Skip to contents

High-Performance Stemmer, Tokenizer, and Spell Checker for R

Project Status: Active – The project has reached a stable, usable state and is being actively developed. CRAN_Status_Badge CRAN RStudio mirror downloads

Low level spell checker and morphological analyzer based on the famous hunspell library https://hunspell.github.io. The package can analyze or check individual words as well as tokenize text, latex, html or xml documents.

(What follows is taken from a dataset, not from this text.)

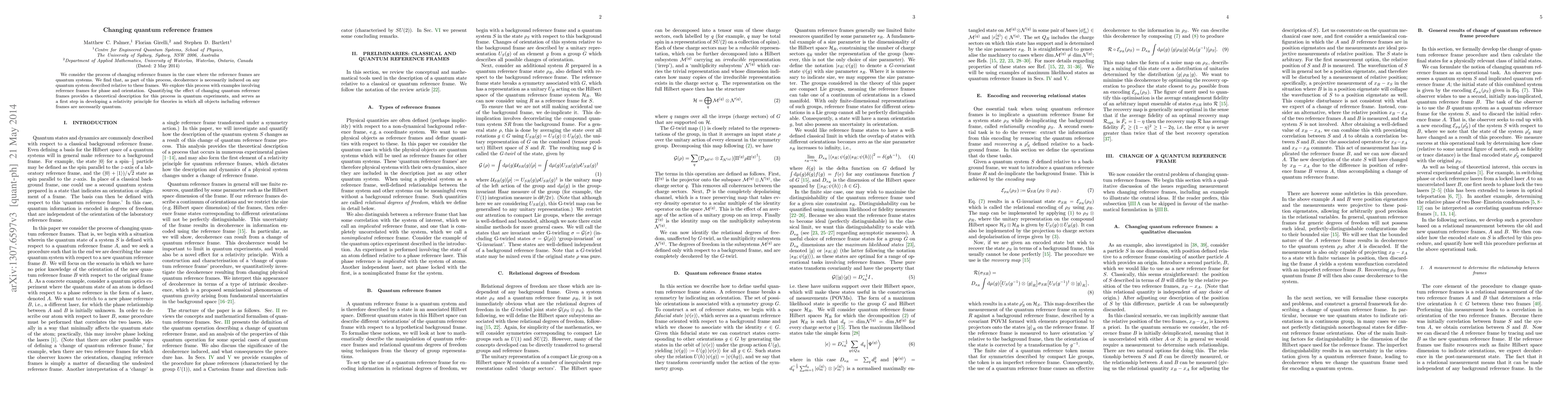 This paper investigates the phenomenon of changing quantum reference frames, demonstrating that decoherence occurs as a necessary consequence. It explores examples involving phase and orientation and suggests that quantifying these effects is crucial for developing a relativity principle applicable to quantum theories.

For a more user-friendly interface use the ‘spelling’ package which builds on this package with utilities to automate checking of files, documentation and vignettes in all common formats.

Installation

This package includes a bundled version of libhunspell and no longer depends on external system libraries:

install.packages("hunspell")

Documentation

About the R package: - Blog post: Hunspell: Spell Checker and Text Parser for R - Blog post: Stemming and Spell Checking in R

Hello World

# Check individual words
words <- c("beer", "wiskey", "wine")
correct <- hunspell_check(words)
print(correct)

# Find suggestions for incorrect words
hunspell_suggest(words[!correct])

# Extract incorrect from a piece of text
bad <- hunspell("spell checkers are not neccessairy for langauge ninja's")
print(bad[[1]])
hunspell_suggest(bad[[1]])

# Stemming
words <- c("love", "loving", "lovingly", "loved", "lover", "lovely", "love")
hunspell_stem(words)
hunspell_analyze(words)

The spelling package uses this package to spell R package documentation:

# Spell check a package
library(spelling)
spell_check_package("~/mypackage")